Im Umgange zwischen Marie und den beiden Jünglingen schien jetzt allerseits eine große Zurückhaltung eingetreten zu sein. Nur bei Tische sahen sie sich, und Marie gab sich – vielleicht auf den Rat ihres Vaters hin – alle Mühe, beiden die gleiche Aufmerksamkeit zukommen zu lassen.
Das war indessen gar nicht leicht. Hartley benahm sich jetzt mit einemmal so kalt und förmlich, daß es ihr unmöglich wurde, noch länger mit ihm zu verkehren. Middlemas dagegen behielt mit der ihm eignen sichern Grazie des Wesens sein bisheriges Verhalten bei.
Schließlich nahte die Zeit, daß die jungen Leute, deren vertragsmäßige Lehrzeit ablief, sich nach einem eignen Weg in die Welt und das Leben hinein umsehen mußten.
Doktor Gray teilte Richard mit, er habe in dieser Angelegenheit schon mehrmals dringend an Herrn von Moncada geschrieben, ohne jedoch bisher eine Antwort zu erhalten. Er wolle ihm nicht seinen eigenen Rat erteilen, ehe nicht die Meinung des Großvaters eingegangen sei.

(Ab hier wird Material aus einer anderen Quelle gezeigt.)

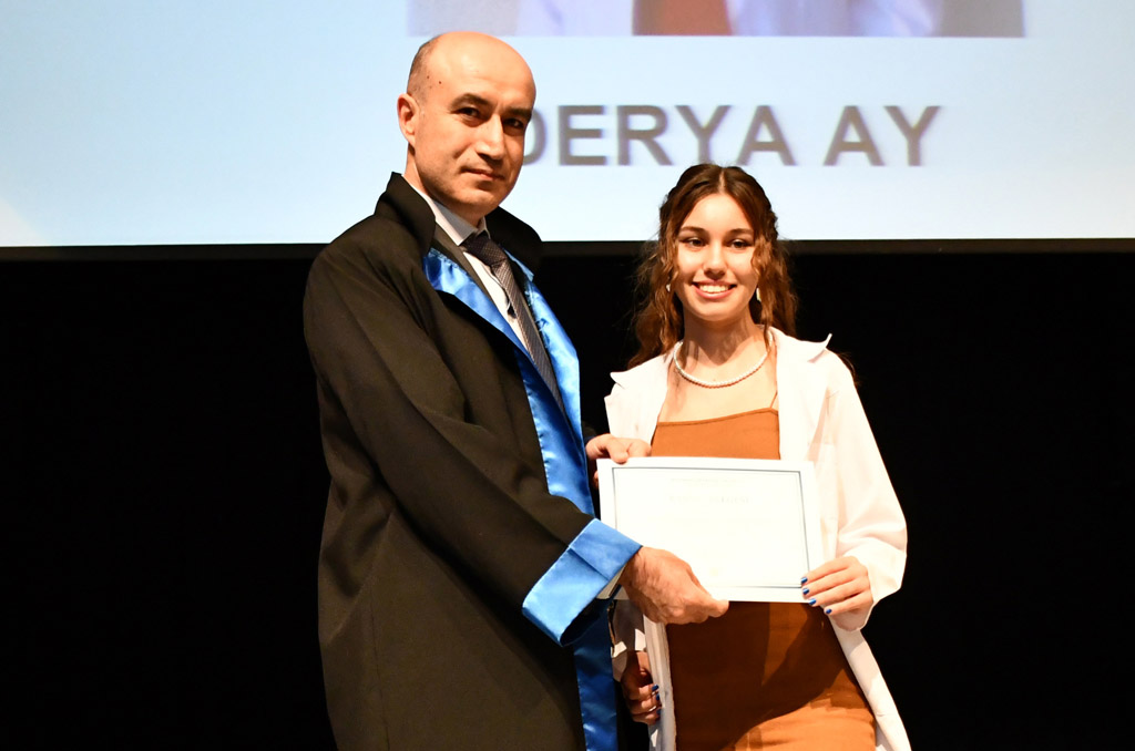 Prof. Dr. Keleş konuşmasının ardından Diş Hekimliği Fakültesi’ne dereceyle yerleşen Derya Ay’a başarı belgesini verdi ve beyaz önlüğünü giydirdi.

Diese Verzögerung schien Richard mit größerer Geduld hinzunehmen, als seinem Charakter zu entsprechen schien. Er fragte nicht, sprach keine Vermutungen aus und ließ durch nichts erkennen, daß es ihm um eine Beschleunigung der Angelegenheit zu tun sei. Er schien mit Geduld abwarten zu wollen, wie die Dinge sich weiter entwickeln würden.
In der Tat hatte nämlich Richard selber einen Versuch gemacht, sich seinem unerbittlichen Verwandten zu nähern. Er hatte an Herrn von Moncada einen Brief voll Dankbarkeit, Liebe und kindlicher Ergebung gesandt und um die Erlaubnis gebeten, persönlich mit ihm zu korrespondieren, indem er versprach, sich in jeder Einzelheit nach dem großväterlichen Willen zu richten.
Die Antwort war, daß der Brief zurückgeschickt wurde. Die Sendung enthielt nur ein Anschreiben des Bankiers, durch den der Brief versandt worden war, mit der Bemerkung, daß Herr von Moncada jede weitere Geldsendung oder irgendwelche Unterstützung unterlassen und einstellen werde, sobald noch ein einziger Versuch gemacht würde, sich ihm aufzudrängen.